The Nenets traditional clothing include a malitsa (long puller piece of clothing made out of reindeer pelts with the fur on the inside and with a sewn on hood and gloves) and sovik (clothing item worn with fur on the outside, also had a sewn on hood but no gloves) during bitter frost and snowstorms for men and a yagushka for women, pimy (high fur boots) are the traditional fur footwear, made from reindeer skin taken from the legs of the animal which called Kamus. Women’s clothing, called panitsa, or yagushka was made out of reindeer fur, with the fur on both, the inside and the outside with reindeer or arctic fox polar and sewn on gloves. The Nenets did not have special clothes for the summer. Festive clothing differed from everyday clothing. Women’s festive clothing was richly decorated with fur ornaments, and the men’s festive clothing was of a lighter colour. The double layer clothing with fur on the inside and the outside was adapted to severe winter cold and had hygienic qualities.
The chum is a temporary dwelling used by the nomadic. It is the living space for them. Made of tall poles in the form of a cone and covered with sewn together reindeer skin for use in winter and canvas in the summer. In the centre of the chum they set up metal stove. The floor is covered with willow twigs on top of which woven mats/board are placed and last reindeer skins. It serve as sleeping places.
All cookware, dishes, and clothes are hung inside the tent on poles or ropes. What is not needed for that day remains unpacked and is kept on the sled. There are several types of sleds : men’s, women’s, children’s, and cargo. Each reindeer team has one specially trained lead reindeer that goes in front of a team of four to six reindeer.
Nenets lifestyle is bound to the annual migration cycle of the reindeer. Their herds travel for more than thousand kilometres every year. An abundance of reindeer moss is extremely important when choosing the place for winter camping. A winter tent is set up in one place for two weeks or more. Every day the herders make a long trip in order to gather the whole herd. The reindeer that had wandered away, are brought back by herding dogs.

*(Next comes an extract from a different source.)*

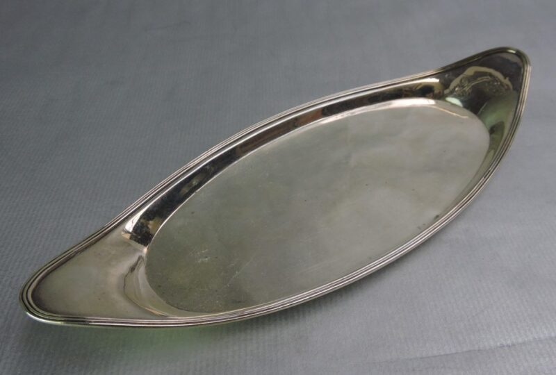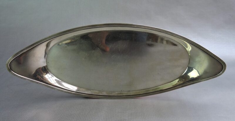 A sterling tray with English Hallmarks, dated 1802 during the time of King George III, London. The tray is small, but bold in style with an elegant leaf shape that pinches on either end. The design of the shape is for a candle snuffer, unique with a strong presence of classic english silver.

When there is no more reindeer moss left near the camp, the herd is driven to a new location. However the tent stays in its place and is moved only when the distance between it and the new grazing area becomes too long. Deep winter snow and the ice crust that forms during cold spells after a thaw are extremely unfavourable for reindeer herding. At those times, many reindeer die of hunger not being able to get to reindeer moss through the deep snow.